Copy out the full listing exactly, omitting any picture it contains.

→ **Dataset extract**:
##########

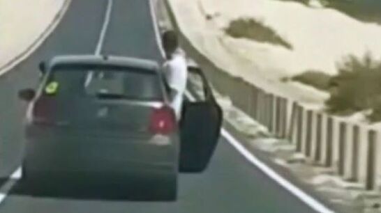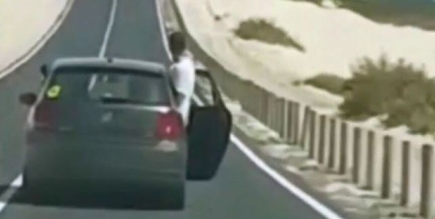 Con la puerta abierta, con un ocupante con medio cuerpo fuera y grabando con un teléfono móvil, así ha circulado un vehículo en Fuerteventura.
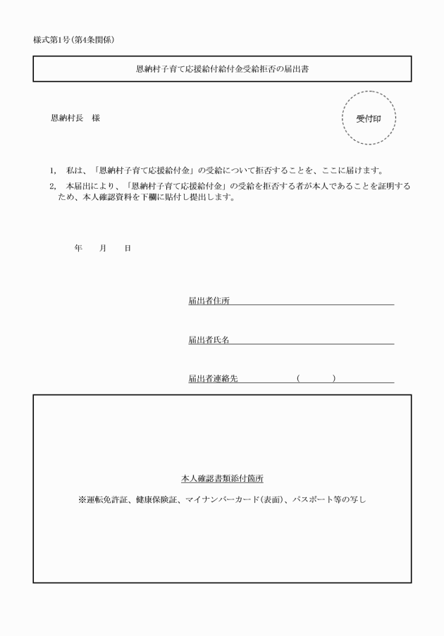 第4条 村長は、本給付金の支給の通知を行い、受給の意向を確認したうえで、本給付金の支給を決定する。支給対象者は、支給を希望しない場合は、様式第1号の給付金受給拒否の届出書により届け出を行う。
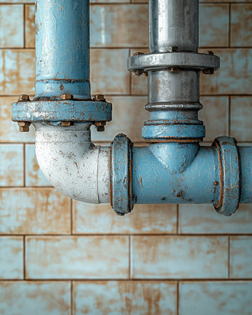 A close-up view of aged metal pipes connects at a cross-junction, showing rust and wear. The textured surfaces reveal a history of use in an industrial environment, emphasizing functionality.
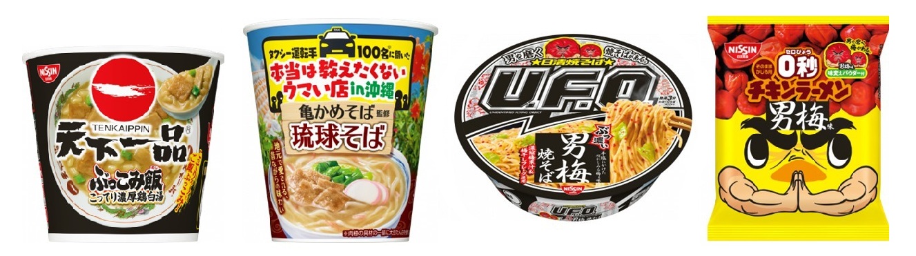 1月26日、ノーベル製菓「男梅」とコラボした「0秒チキンラーメン 男梅味パウダー付」(79g/麺75g、136円)、「日清焼そばU.F.O.ぶっ濃い男梅焼そば」(101g/麺85g、236円)を新発売。

##########

→ **Response to this task**:
 Con la puerta abierta, con un ocupante con medio cuerpo fuera y grabando con un teléfono móvil, así ha circulado un vehículo en Fuerteventura.
 第4条 村長は、本給付金の支給の通知を行い、受給の意向を確認したうえで、本給付金の支給を決定する。支給対象者は、支給を希望しない場合は、様式第1号の給付金受給拒否の届出書により届け出を行う。
 A close-up view of aged metal pipes connects at a cross-junction, showing rust and wear. The textured surfaces reveal a history of use in an industrial environment, emphasizing functionality.
 1月26日、ノーベル製菓「男梅」とコラボした「0秒チキンラーメン 男梅味パウダー付」(79g/麺75g、136円)、「日清焼そばU.F.O.ぶっ濃い男梅焼そば」(101g/麺85g、236円)を新発売。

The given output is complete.